All lines from the one containing "本次的累积在线好礼可以说非常" through the last line of the listing should be given again exactly, with no pictures.

**DATA BLOCK:**
• • • •

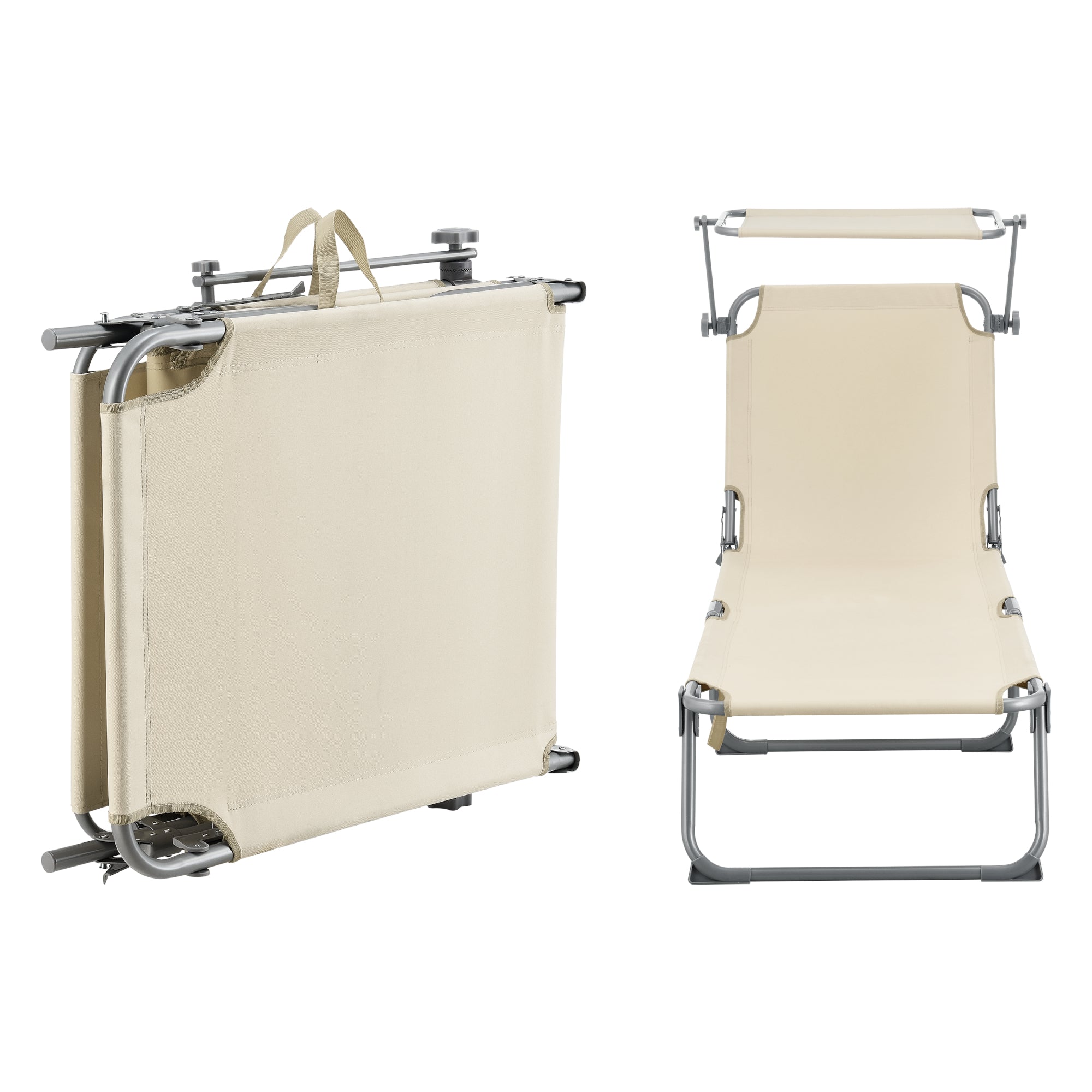 Transat bain de soleil avec pare-soleil acier polyester argenté mat beige 03_0006410
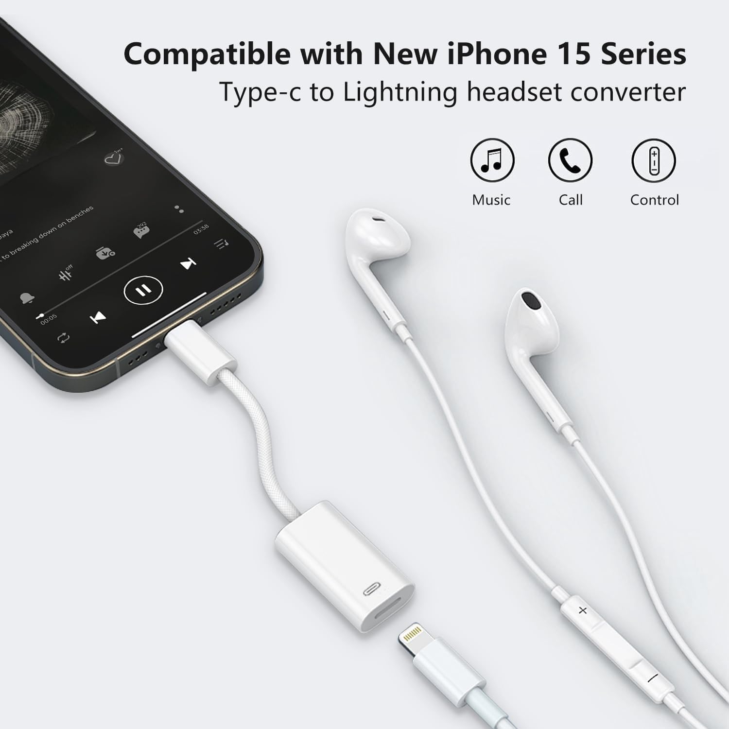 Audio and Charge: This usb c to lightning headphone jack adapter not only support audio, but also support charge and data transmission. It also supports phone call and volume control
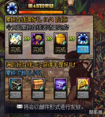 本次的累积在线好礼可以说非常给力,每天有一个免费的增幅器,累积站街20天还赠送一本黄金书,但这次的黄金书并不是站街3小时之后就会自动累积,需要我们手动领取增幅器后才会累积,每天挂机后,可一定要记得把奖励都领取到包裹里面。
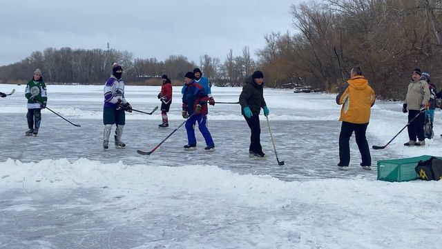 У Дніпрі на косі житлового масиву Перемога містяни вийшли на замерзлу водойму, аби зіграти в хокей просто неба.

• • • •

**RESPONSE BOX:**
 本次的累积在线好礼可以说非常给力,每天有一个免费的增幅器,累积站街20天还赠送一本黄金书,但这次的黄金书并不是站街3小时之后就会自动累积,需要我们手动领取增幅器后才会累积,每天挂机后,可一定要记得把奖励都领取到包裹里面。
 У Дніпрі на косі житлового масиву Перемога містяни вийшли на замерзлу водойму, аби зіграти в хокей просто неба.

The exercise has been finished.